Work on Hawaiian Homelands subdivision angers neighbors - Hawaii News Now - KGMB and KHNL

Work on Hawaiian Homelands subdivision angers neighbors

WAIMANALO, OAHU (HawaiiNewsNow) - Some Waimanalo residents complain that construction of a Hawaiian Homelands project damaged their homes. Work on the Kakaina subdivision began in 2012. People who live on neighboring streets said their walls and concrete slabs were split by the heavy vibrations from construction equipment.

"I got a brand new crack right here. Brand new crack right here," Gideon Kaonohi said, pointing to openings in his driveway wall.

The back of his two-bedroom home overlooks the job site. With chalk he outlines the cracks on the walls rimming his property and draws an "X" on cracks in the concrete slab under his home.

"When they used the roller, the 18-ton roller with the vibrator, you can see the cracks moving," he said. "One here. One here. And all these caps came loose from the vibration."

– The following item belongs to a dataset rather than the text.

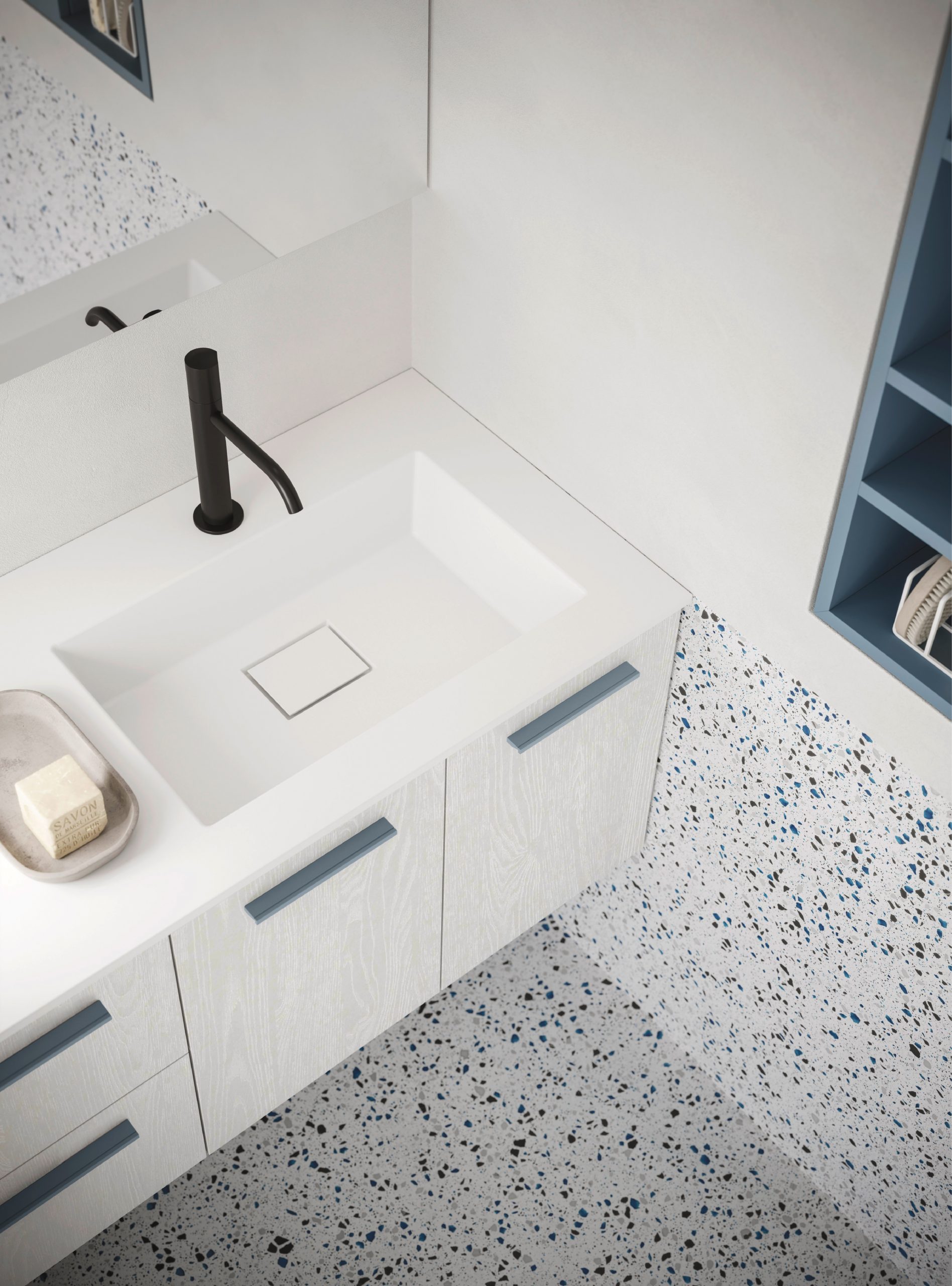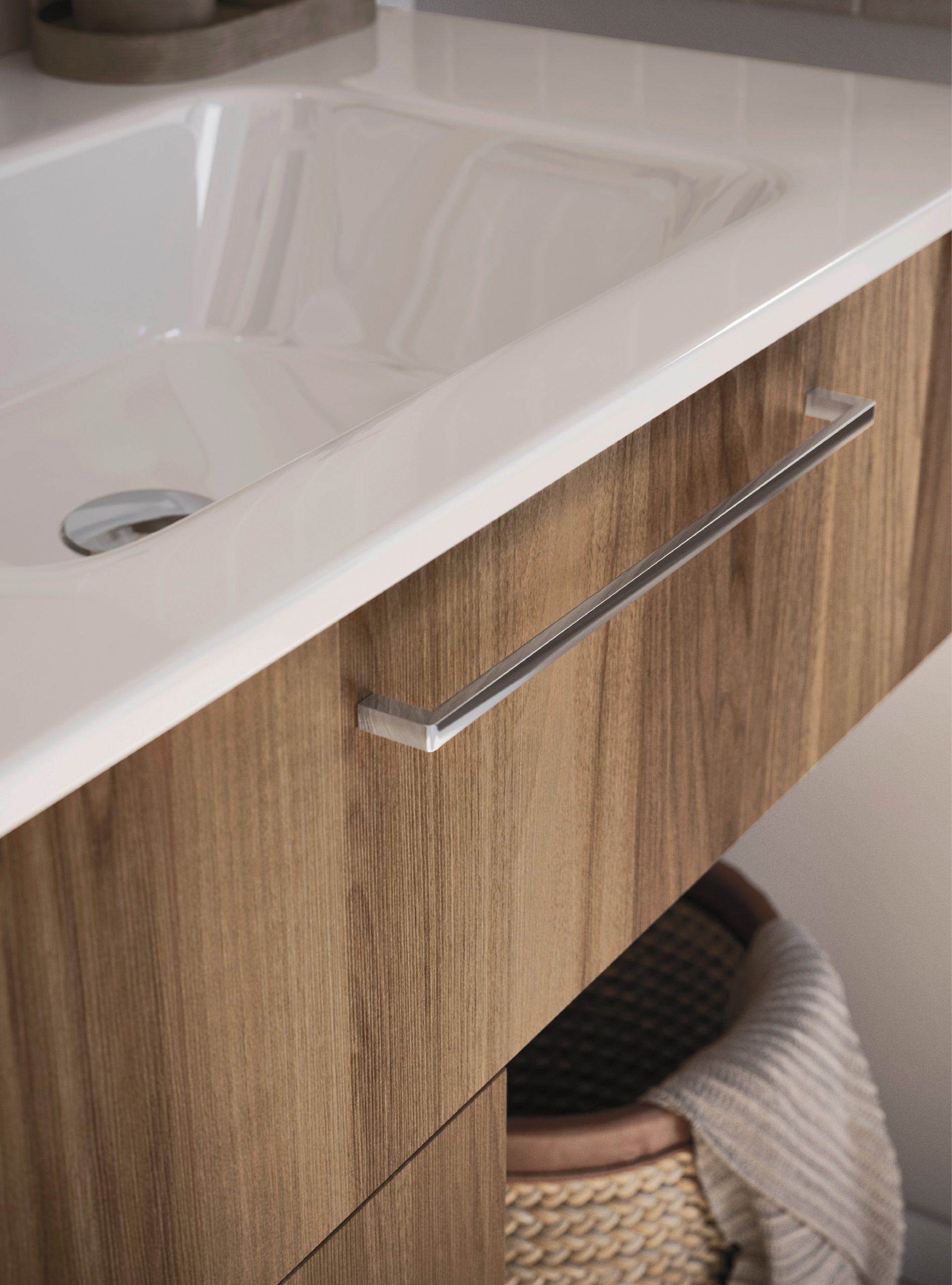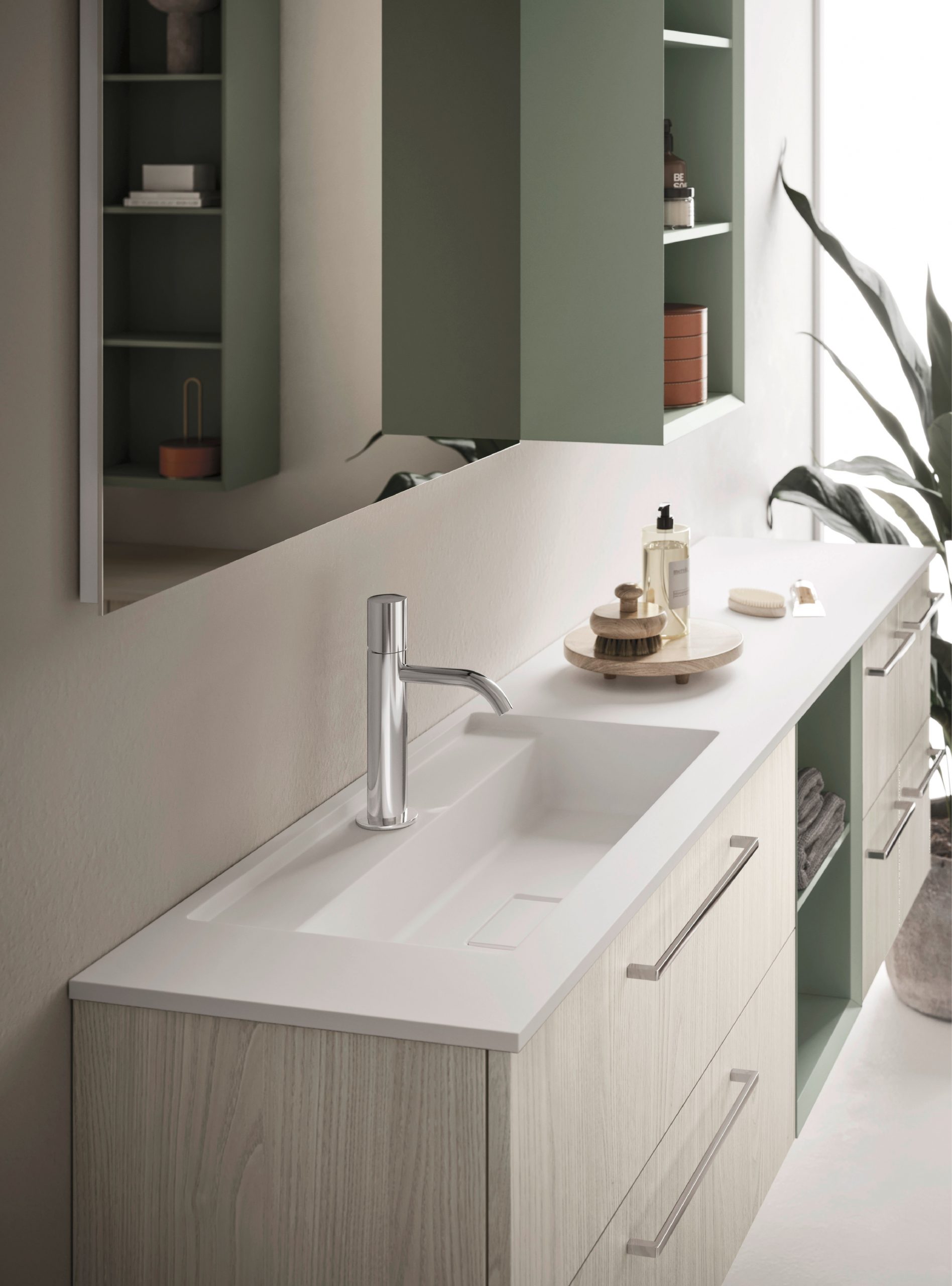 Ho.Me Plus est une collection innovante d’Arbi Arredobagno qui rassemble une large gamme de finitions en mélaminé thermostructuré avec des veines naturelles, des couleurs classiques ou tendance. La collection est disponible en deux variantes : l’une avec façade plate et poignée, l’autre avec la prise de main en « J » intégrée. Caracterisée par une grande modularité, grâce au choix entre trois profondeurs et différentes largeurs, la collection s’enrichit de la version courbée, qui propose des bases aux lignes douces pour satisfaire même les besoins d’optimisation des espaces les plus réduits.

Kaonohi believes coral dust from the job site has sickened his family. He said dust screens have toppled onto his house three times..

"Four o'clock in the morning. You could hear this boom hitting my house," he said.

Kaonohi documented his grievances in letters to the Department of Hawaiian Homelands. So has his neighbor.

"Her ceiling is separating," Kaonohi said. "Her cabinets are sagging. And the cabinets are separating too from each other."

DHHL communications director Punialoha Chee said resident's complaints are taken seriously.

"We have been encouraging them to work with our contractor's claims adjustors should they believe their homes have been impacted. Once they do, we can begin the process of assessing damages and making appropriate repairs," he said.

Kaonohi hired an attorney.

"You see my second story. It's about 14 years old. Rain or shine, the doors never did scrape the floor. Now it's scraping the floor," he said.

Chee said completion of the seven-acre subdivision has been delayed by design changes and weather. DHHL hopes work will be completed by the summer.

Kaonohi expects the contractor to pay for the damage he said is getting worse by the day.